To measure the structural diversity present in these datasets we first extracted the C‐α atomic coordinates corresponding to the framework regions. We then used the Procrustes (Kabsch) algorithm to find the linear transformation resulting in the optimal alignment for each pair of crystal structures and built the set of all pairwise alignments for each dataset.27 This allowed us to compute the matrix of pairwise RMSD values for each dataset—the Nb VHH domains, the Ab VH domains, the Ab VH‐VL domain complexes and also the apo form Nb VHH domains. The mean RMSD values across the framework regions calculated from these matrices are reported in Table 1.
We find that the 90 Nb structures align relatively tightly over the framework regions, with an average pairwise RMSD of 1.01 ± 0.31 Å measured over the C‐α atoms of the 87 aligned framework residues.

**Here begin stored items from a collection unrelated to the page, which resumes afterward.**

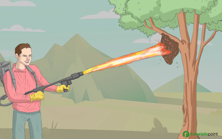 焚燒黃蜂窩 − 這種方法非常危險。黃蜂窩是由一種薄薄的、類似紙張的材料構成的,這種材料是透過將木材製成紙漿製成的。這種物質使蜂巢極易燃燒。由於其爆炸性,焚燒黃蜂窩可能會導致整個房產起火,在此過程中,個人甚至可能遭受嚴重的燒傷!除了燒燬一切之外,這種方法還有另一個問題。燒燬蜂巢後,巢內並非所有黃蜂都被殺死。這會導致剩餘的黃蜂攻擊附近所有人。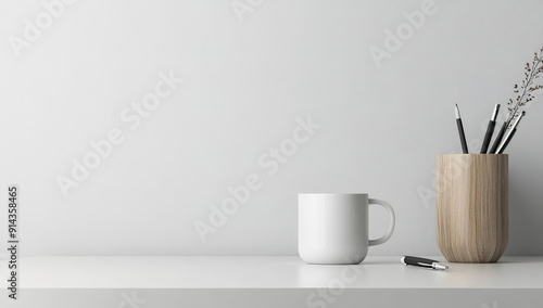 Minimalist Workspace with White Desk Setup and Simple Wooden Vase on Grey Wall Background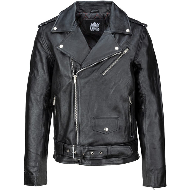 URBAN 5884 Chaqueta de Cuero para Hombre Perfecto, Suave y Duradera Chaqueta de Cuero Genuino, Estilo Motero, Negro, 3XL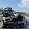 Gurbetçinin kullandığı otomobil tıra çarptı, lüks otomobil hurdaya döndü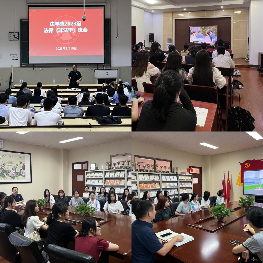 在教学楼1101和学院会议室分别召开了2023级研究生新生第一次班会。本次班会由辅导员沙林斌老师主持,全体新生参加。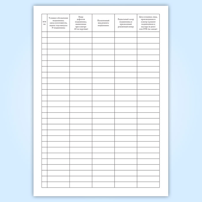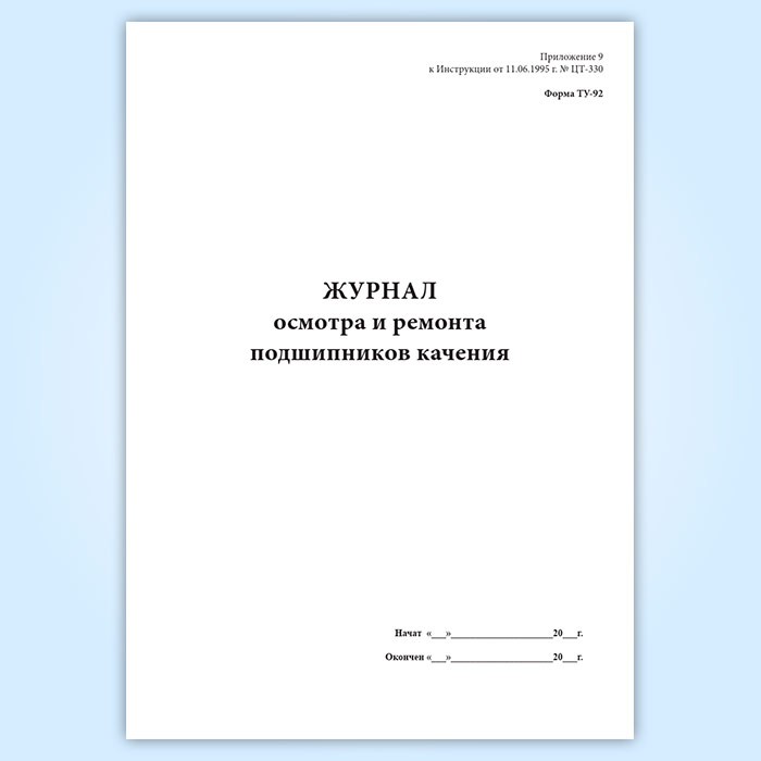 Журнал осмотра и ремонта подшипников качения (форма ТУ-92) в Великом Новгороде купить

The equivalent value for the 58 apo form Nbs is similar to this, at 0.95 ± 0.28 Å. In contrast, the 90 Ab VH domains have an average pairwise RMSD of 1.12 ± 0.50 Å measured over the 87 framework C‐α atoms. This RMSD increases to 1.39 ± 0.51 Å if the structural alignment is carried out over the FRs from both VH and VL domains. This suggests that Nbs display a slight yet significant (two‐tailed unpaired t test, P = 3.14 E –33) reduction in framework structural variability compared to Ab VH domains, allowing us to conclude that Nbs do not increase diversity by varying their FR structure.

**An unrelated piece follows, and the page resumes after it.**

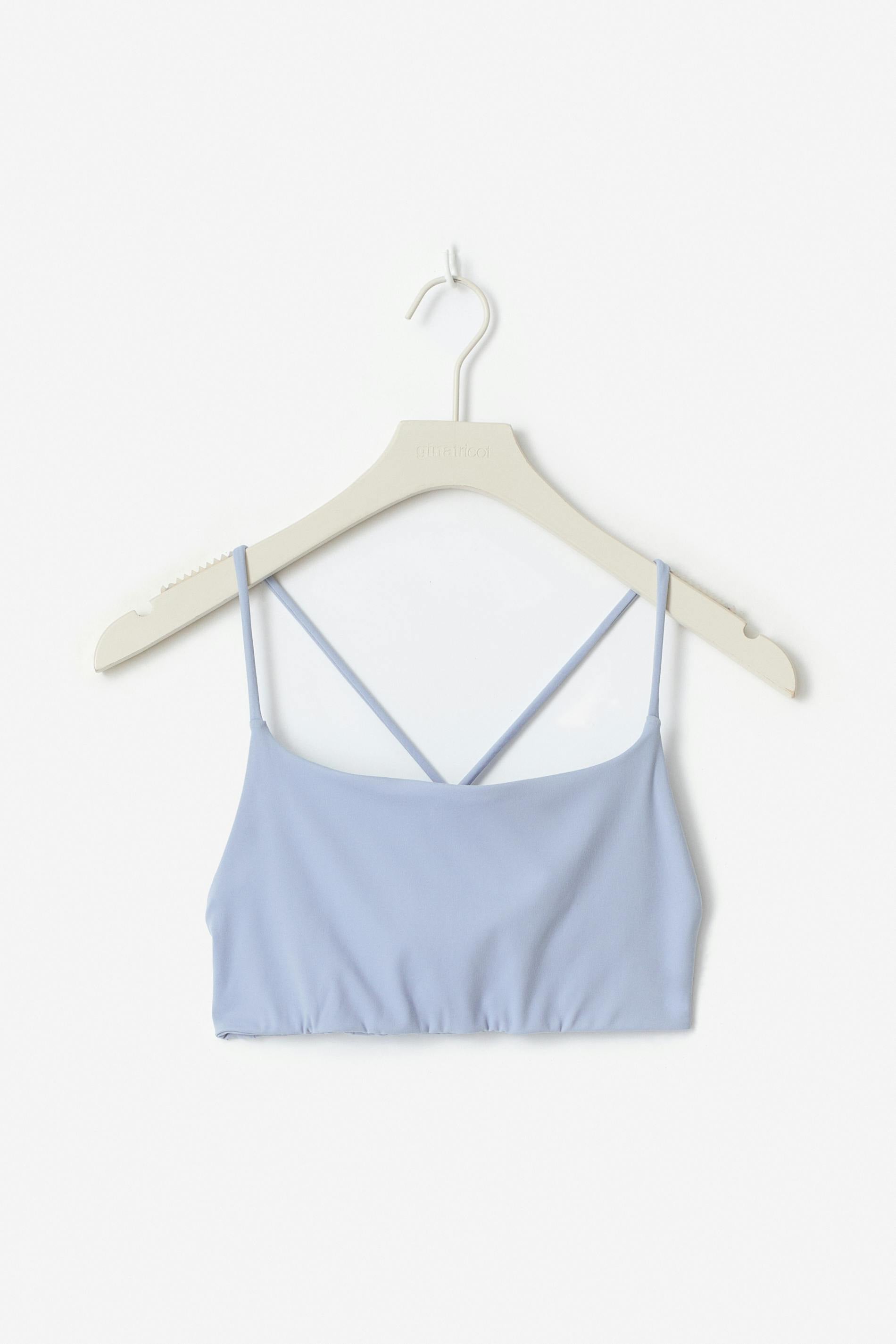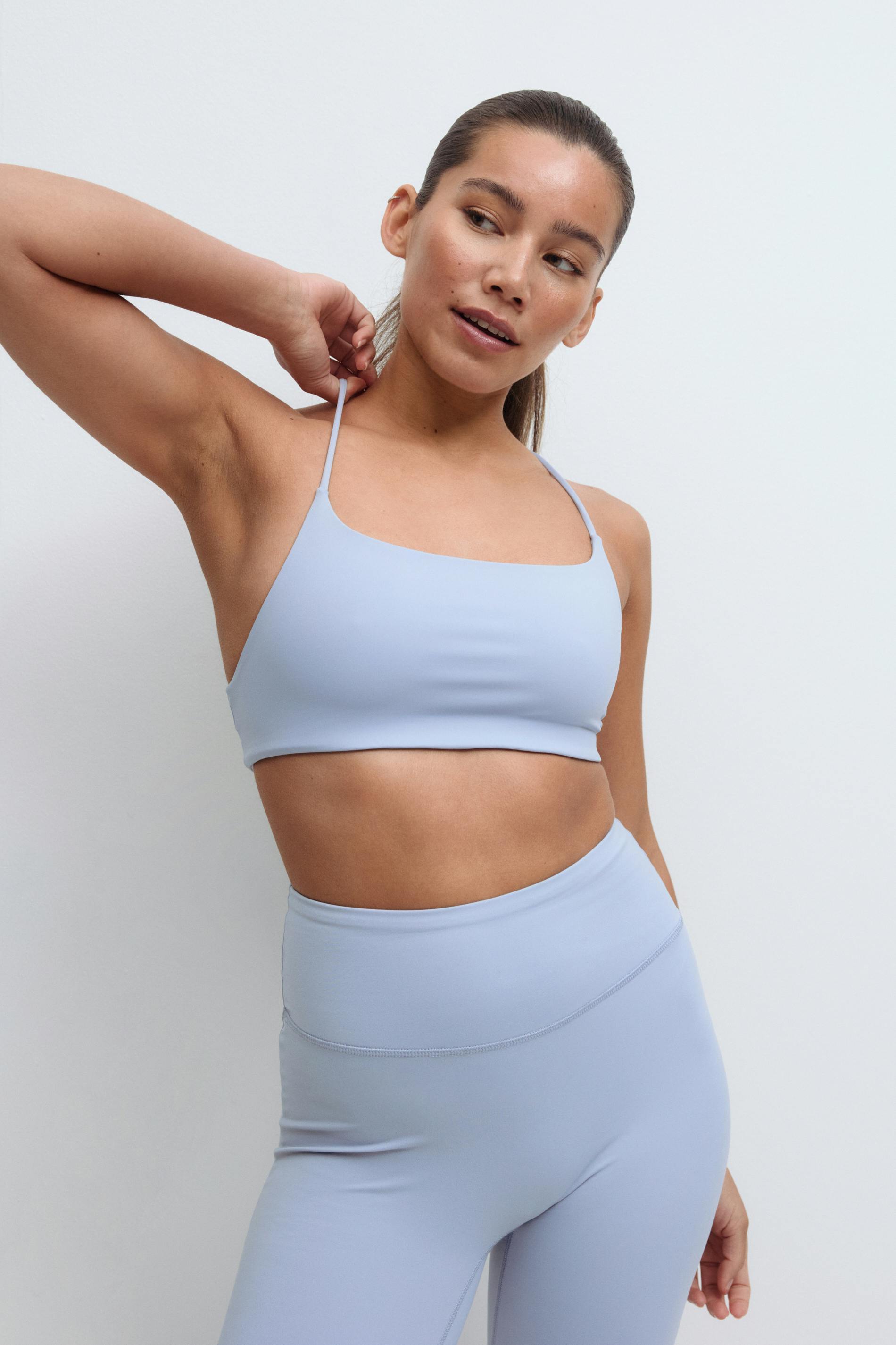 Mjuk sport-bh med en rund halsringning. BH:n är ljusblå och har korsade axelband i ryggen.

3.3. Nanobody loop analysis
Our analysis so far suggests that any additional mechanism for generating Nb interaction specificity must be contained in the three hypervariable loops H1–3. Indeed, Figure 2A suggests that in contrast to the framework regions, Nb loops are at least as sequence variable as Ab VH domain loops. Furthermore, Figure 4A shows that the greatest structural variability is found in the Nb H3 loop (shown in red). Previous work has found that Nbs possess particularly long H3 loops,7, 10, 19, 30 which could potentially greatly increase both the sequence and shape diversity of the Nb paratope.
Figure 5 presents analysis of the full‐length Nb VHH domain loops H1–3 in our dataset, which contains 82, 83, and 86 sequence‐unique H1, H2, and H3 Nb loops, respectively. For each loop, we construct a sequence logo; a histogram showing the distribution of loop lengths; a heat map showing the normalized Hamming distance that is, fraction of amino acid differences between every pair of aligned loops; and the extracted section of the structural alignment of Figure 4. Within the logo plots, gray boxes indicate the framework regions immediately adjacent to each loop, which act as sequence flags enabling the loops to be located in the absence of structural information.19 Those sequence positions at the center of each loop with > 85% gap characters are shaded in yellow and excluded from the sequence alignments analyzed in Figures 2 and 3. The percentage of nongap characters at each position is superimposed onto each sequence logo plot as a colored line. For comparison we present the analogous analysis of the Ab VH domain dataset in Figure 6. Our Ab dataset contains 84, 86, and 89 sequence‐unique H1, H2, and H3 Ab VH domain loops respectively. The RMSDs calculated for loop segments H1–3 of VHH domain and VH domain structural alignments are reported in Table 2.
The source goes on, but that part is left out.